3

So, the requirement for this is to match last names of people, separated by a dash between each last name.

The base RegEx I am using for this is this one:

(?=\S*[-])([a-zA-ZÑñÁáÉéÍíÓóÚúÄäËëÏïÖöÜüÀàÈèÌìÒòÙù'-]+)

Basically I am limiting it to latin alphabet characters, including some accented characters.

This works perfectly fine if I use examples like:

  • Pérez-González
  • Domínguez-Díaz
  • Güemez-Martínez

But I forgot to contemplate the case when the person has only one last name.

I tried doing the following.

((?=\S*[-])([\ a-zA-ZÑñÁáÉéÍíÓóÚúÄäËëÏïÖöÜüÀàÈèÌìÒòÙù'-]+))|([A-Za-zÑñÁáÉéÍíÓóÚúÄäËëÏïÖöÜüÀàÈèÌìÒòÙù']+)

I added a \ or space in the allowed character for the fist match option. I added an or condition for a single word without spaces.

And while it works for some cases there are 2 issues.

  1. I don't think it's the most optimal RegEx for a use case like this.
  2. I stumbled upon the specific case with people who have complex last names.

Regarding point 2, I refer to something like:

  • Johnson-De Sosa

The RegEx matches it, but it no longer respects the dash as a separator.

I am not sure how to handle this.

Also since I added the space it no longer respects the requirement for the dash between words.
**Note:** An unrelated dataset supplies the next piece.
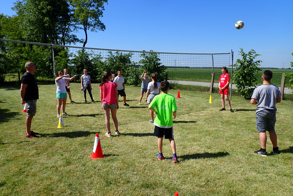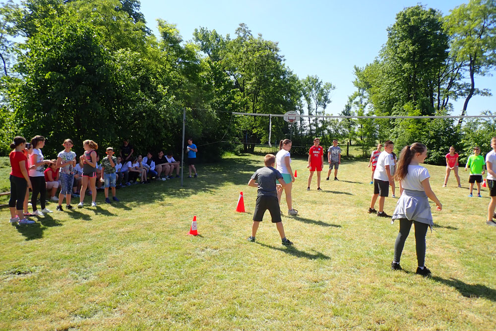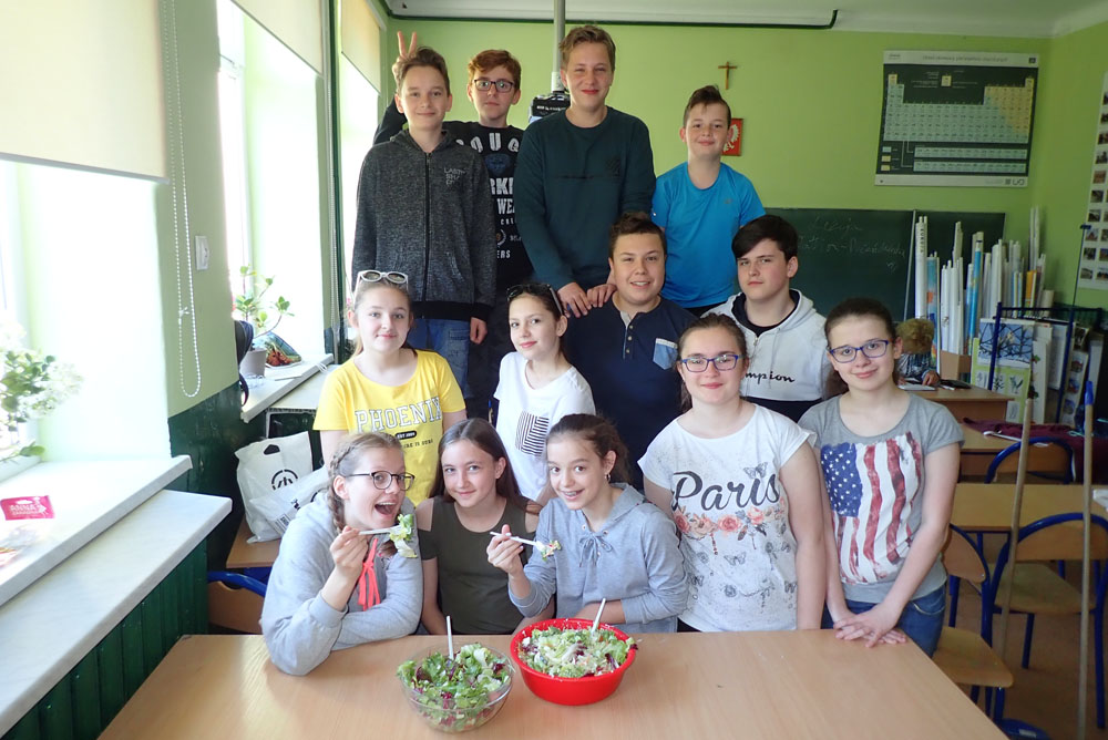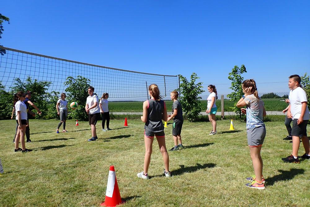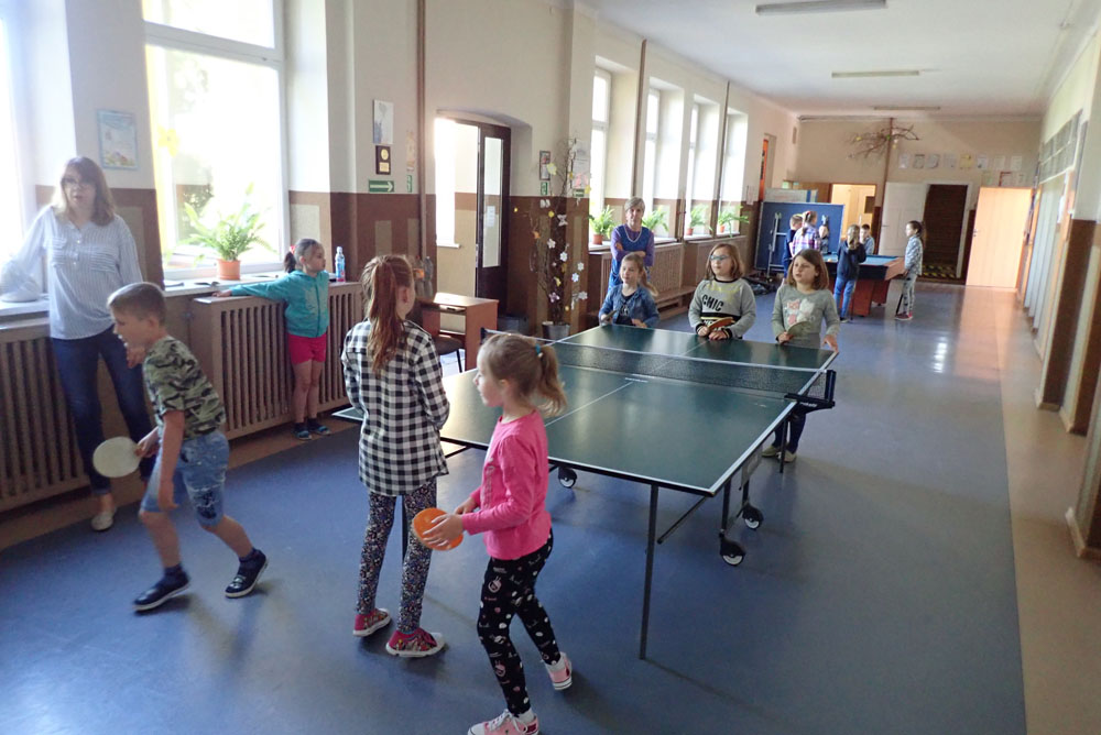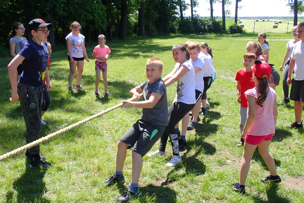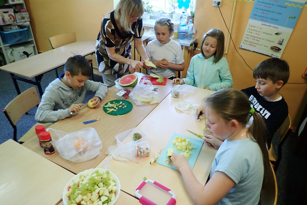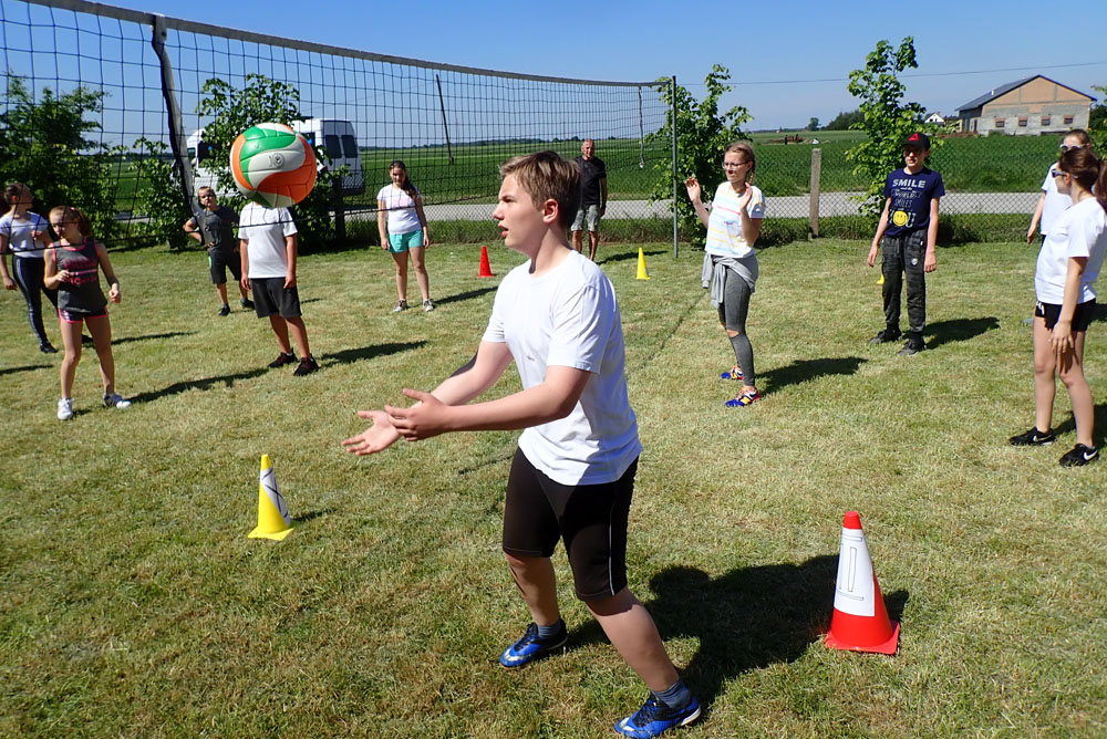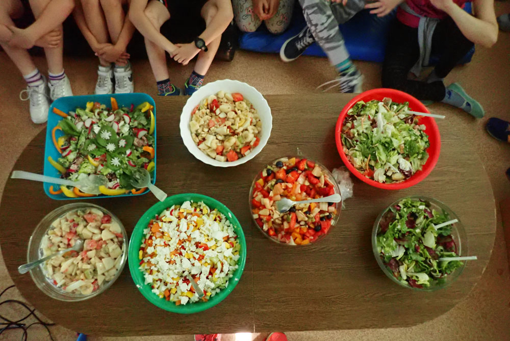 Tegoroczny Dzień Dziecka w naszej szkole obchodziliśmy na sportowo. W dniu sportu uczestniczyli wszyscy uczniowie oraz przedszkolaki. Dzieci klas 2-7 wzięły udział w konkursie, wchodzącym w skład programu "Trzymaj Formę", przygotowując przepyszne, zdrowe sałatki, które oceniały Pani dyrektor Aneta Piotrowska oraz Pani pielęgniarka. Młodsze klasy świetnie bawiły się rywalizując ze sobą w grze w "Łapaka", rzutach do celu, natomiast uczniowie z klas 4-7 pokonywali bieg sztafetowy oraz turniej gry w siatkówkę, przy krzykach i wiwatach tłumu zgromadzonych kibiców. Ponadto wszyscy uczestnicy brali udział w konkurencji przeciągania liny, która wywołała największe emocje i zadowolenie. Po zakończonych rozgrywkach zmęczeni, ale pełni entuzjazmu uczniowie naszej szkoły zostali poczęstowani gorącą kiełbasą, herbatą, popcornem. Posiłek połączony został wraz z degustacją sałatek zrobionych przez uczniów.

What I am thinking is maybe limit the number of spaces between names, something like allow at most 2 or 3 spaces between a last name so that examples like:

  • Pérez-De la Cruz - this works with my RegEx
  • Pérez De la Cruz-González - this doesn't

Can be valid matches.

I am no pro on RegEx so some help would be greatly appreciated.

UPDATE

I did fail to mention I need to be able to use this with JavaScript. PHP could be useful too, but I am doing some browser validation and the patterns need to be compatible.

Mihail Minkov
  • 2,463
  • 2
  • 24
  • 41
  • Is the surname/last name the only thing in the string? Identifying a surname/last name can be very difficult in plain text. Maybe `[[:alpha:]]+([- ']?)` is simpler, seems to match all examples but also is very loose, e.g. `asdfl` is not a surname. – user3783243 Apr 12 '21 at 00:57
  • Yes, it's specifically for last names. That's why I am not sure how to proceed with the more complex ones. I don't know if I should do a bunch of `OR` conditions inside the RegEx or just simplify the required input. – Mihail Minkov Apr 12 '21 at 01:30
  • @user3783243 the `[[:alpha:]]+([- ']?)` recommendation is an interesting one, but it doesn't work with the accented characters. – Mihail Minkov Apr 12 '21 at 01:32
  • Use the `u` flag and it should extend to accented. So https://regex101.com/r/LsOqVr/1/ could achieve your goal – user3783243 Apr 12 '21 at 01:48
  • @user3783243 that last one I think does the trick, but when I try it in JavaScript on regex it shows a pattern error. – Mihail Minkov Apr 12 '21 at 03:28

1 Answers1

1

Logically, you should match one or more letters, then allow a single occurrence of your chosen delimiting characters before allowing another string of one or more letters.

PHP Code: (Demo)

$names = [
    'Pérez-González',
    'Domínguez-Díaz',
    'Güemez-Martínez',
    'Johnson-De Sosa',
    'Pérez-De la Cruz',
    'smith',
    'Pérez De la Cruz-González',
    'de Gal-O\'Connell',
    'Johnson--Johnson'
];

foreach ($names as $name) {
    echo "$name is " . (!preg_match("~^\pL+(?:[- ']\pL+)*$~u", $name) ? 'in' : '') . "valid\n";
}

Javascript Code: (snippet is runnable)

let names = [
      'Pérez-González',
      'Domínguez-Díaz',
      'Güemez-Martínez',
      'Johnson-De Sosa',
      'Pérez-De la Cruz',
      'smith',
      'Pérez De la Cruz-González',
      'de Gal-O\'Connell',
      'Johnson--Johnson'
    ],
    i,
    name;

for (i in names) {
    name = names[i];
    document.write("<div>" + name + " is " + (!name.match(/^\p{L}+(?:[- ']\p{L}+)*$/u) ? 'in' : '') + "valid</div>");
}

This will only allow a single delimiter between sequences of letters. This will fail if you someone's name is "Suzy 'Ng" because it has a space then an apostrophe (two consecutive delimiters). I don't know if this is possible/real, I just want to clarify.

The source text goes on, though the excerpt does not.